(Recorded data)
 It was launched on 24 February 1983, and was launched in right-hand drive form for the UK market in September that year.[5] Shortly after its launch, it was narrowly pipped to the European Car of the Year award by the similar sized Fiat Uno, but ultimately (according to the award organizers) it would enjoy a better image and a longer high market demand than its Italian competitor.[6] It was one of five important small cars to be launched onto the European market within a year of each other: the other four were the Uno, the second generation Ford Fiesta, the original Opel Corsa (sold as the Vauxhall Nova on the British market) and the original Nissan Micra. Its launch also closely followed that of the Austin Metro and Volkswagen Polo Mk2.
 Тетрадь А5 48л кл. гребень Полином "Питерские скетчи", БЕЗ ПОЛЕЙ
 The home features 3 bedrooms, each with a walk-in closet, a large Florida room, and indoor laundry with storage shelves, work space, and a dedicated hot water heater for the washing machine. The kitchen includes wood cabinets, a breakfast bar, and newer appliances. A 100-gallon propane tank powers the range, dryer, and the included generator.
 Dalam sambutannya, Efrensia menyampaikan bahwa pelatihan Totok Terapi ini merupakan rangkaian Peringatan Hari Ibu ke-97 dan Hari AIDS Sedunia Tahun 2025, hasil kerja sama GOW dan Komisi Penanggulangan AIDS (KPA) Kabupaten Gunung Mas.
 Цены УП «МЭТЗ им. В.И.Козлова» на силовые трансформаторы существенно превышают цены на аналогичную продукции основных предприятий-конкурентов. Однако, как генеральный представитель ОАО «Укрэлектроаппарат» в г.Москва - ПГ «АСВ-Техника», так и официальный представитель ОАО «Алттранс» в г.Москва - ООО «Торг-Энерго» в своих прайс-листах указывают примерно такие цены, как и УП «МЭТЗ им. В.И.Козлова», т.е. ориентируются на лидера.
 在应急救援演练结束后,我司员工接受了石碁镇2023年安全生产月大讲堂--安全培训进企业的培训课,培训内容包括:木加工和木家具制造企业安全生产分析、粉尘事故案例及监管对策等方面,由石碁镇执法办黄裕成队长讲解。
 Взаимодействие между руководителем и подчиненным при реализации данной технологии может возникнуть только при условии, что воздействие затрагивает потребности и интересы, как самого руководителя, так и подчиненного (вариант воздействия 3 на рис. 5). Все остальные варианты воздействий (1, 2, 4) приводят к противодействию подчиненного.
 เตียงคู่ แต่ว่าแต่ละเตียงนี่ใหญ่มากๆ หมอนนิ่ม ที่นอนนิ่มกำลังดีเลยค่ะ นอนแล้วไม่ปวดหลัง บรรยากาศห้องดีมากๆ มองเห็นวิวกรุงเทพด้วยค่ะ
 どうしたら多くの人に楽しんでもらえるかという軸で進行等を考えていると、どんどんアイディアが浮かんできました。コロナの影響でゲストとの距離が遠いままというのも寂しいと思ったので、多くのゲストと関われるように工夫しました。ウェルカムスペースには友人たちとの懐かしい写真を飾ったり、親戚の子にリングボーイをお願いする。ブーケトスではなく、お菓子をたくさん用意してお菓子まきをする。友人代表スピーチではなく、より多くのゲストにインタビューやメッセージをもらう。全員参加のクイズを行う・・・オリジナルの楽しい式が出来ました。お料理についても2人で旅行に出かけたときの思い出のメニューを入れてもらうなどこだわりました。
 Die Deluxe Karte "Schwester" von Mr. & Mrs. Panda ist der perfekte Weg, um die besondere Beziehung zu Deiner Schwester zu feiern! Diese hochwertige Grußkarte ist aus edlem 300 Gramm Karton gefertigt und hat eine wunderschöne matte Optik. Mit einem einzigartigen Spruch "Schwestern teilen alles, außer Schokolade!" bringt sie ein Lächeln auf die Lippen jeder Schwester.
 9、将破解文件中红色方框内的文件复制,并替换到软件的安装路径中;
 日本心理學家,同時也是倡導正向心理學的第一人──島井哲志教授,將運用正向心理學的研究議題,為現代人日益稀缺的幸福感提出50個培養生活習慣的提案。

YOUR OBJECTIVE: Print the entries exactly.

ANSWER TO THIS TASK:
 It was launched on 24 February 1983, and was launched in right-hand drive form for the UK market in September that year.[5] Shortly after its launch, it was narrowly pipped to the European Car of the Year award by the similar sized Fiat Uno, but ultimately (according to the award organizers) it would enjoy a better image and a longer high market demand than its Italian competitor.[6] It was one of five important small cars to be launched onto the European market within a year of each other: the other four were the Uno, the second generation Ford Fiesta, the original Opel Corsa (sold as the Vauxhall Nova on the British market) and the original Nissan Micra. Its launch also closely followed that of the Austin Metro and Volkswagen Polo Mk2.
 Тетрадь А5 48л кл. гребень Полином "Питерские скетчи", БЕЗ ПОЛЕЙ
 The home features 3 bedrooms, each with a walk-in closet, a large Florida room, and indoor laundry with storage shelves, work space, and a dedicated hot water heater for the washing machine. The kitchen includes wood cabinets, a breakfast bar, and newer appliances. A 100-gallon propane tank powers the range, dryer, and the included generator.
 Dalam sambutannya, Efrensia menyampaikan bahwa pelatihan Totok Terapi ini merupakan rangkaian Peringatan Hari Ibu ke-97 dan Hari AIDS Sedunia Tahun 2025, hasil kerja sama GOW dan Komisi Penanggulangan AIDS (KPA) Kabupaten Gunung Mas.
 Цены УП «МЭТЗ им. В.И.Козлова» на силовые трансформаторы существенно превышают цены на аналогичную продукции основных предприятий-конкурентов. Однако, как генеральный представитель ОАО «Укрэлектроаппарат» в г.Москва - ПГ «АСВ-Техника», так и официальный представитель ОАО «Алттранс» в г.Москва - ООО «Торг-Энерго» в своих прайс-листах указывают примерно такие цены, как и УП «МЭТЗ им. В.И.Козлова», т.е. ориентируются на лидера.
 在应急救援演练结束后,我司员工接受了石碁镇2023年安全生产月大讲堂--安全培训进企业的培训课,培训内容包括:木加工和木家具制造企业安全生产分析、粉尘事故案例及监管对策等方面,由石碁镇执法办黄裕成队长讲解。
 Взаимодействие между руководителем и подчиненным при реализации данной технологии может возникнуть только при условии, что воздействие затрагивает потребности и интересы, как самого руководителя, так и подчиненного (вариант воздействия 3 на рис. 5). Все остальные варианты воздействий (1, 2, 4) приводят к противодействию подчиненного.
 เตียงคู่ แต่ว่าแต่ละเตียงนี่ใหญ่มากๆ หมอนนิ่ม ที่นอนนิ่มกำลังดีเลยค่ะ นอนแล้วไม่ปวดหลัง บรรยากาศห้องดีมากๆ มองเห็นวิวกรุงเทพด้วยค่ะ
 どうしたら多くの人に楽しんでもらえるかという軸で進行等を考えていると、どんどんアイディアが浮かんできました。コロナの影響でゲストとの距離が遠いままというのも寂しいと思ったので、多くのゲストと関われるように工夫しました。ウェルカムスペースには友人たちとの懐かしい写真を飾ったり、親戚の子にリングボーイをお願いする。ブーケトスではなく、お菓子をたくさん用意してお菓子まきをする。友人代表スピーチではなく、より多くのゲストにインタビューやメッセージをもらう。全員参加のクイズを行う・・・オリジナルの楽しい式が出来ました。お料理についても2人で旅行に出かけたときの思い出のメニューを入れてもらうなどこだわりました。
 Die Deluxe Karte "Schwester" von Mr. & Mrs. Panda ist der perfekte Weg, um die besondere Beziehung zu Deiner Schwester zu feiern! Diese hochwertige Grußkarte ist aus edlem 300 Gramm Karton gefertigt und hat eine wunderschöne matte Optik. Mit einem einzigartigen Spruch "Schwestern teilen alles, außer Schokolade!" bringt sie ein Lächeln auf die Lippen jeder Schwester.
 9、将破解文件中红色方框内的文件复制,并替换到软件的安装路径中;
 日本心理學家,同時也是倡導正向心理學的第一人──島井哲志教授,將運用正向心理學的研究議題,為現代人日益稀缺的幸福感提出50個培養生活習慣的提案。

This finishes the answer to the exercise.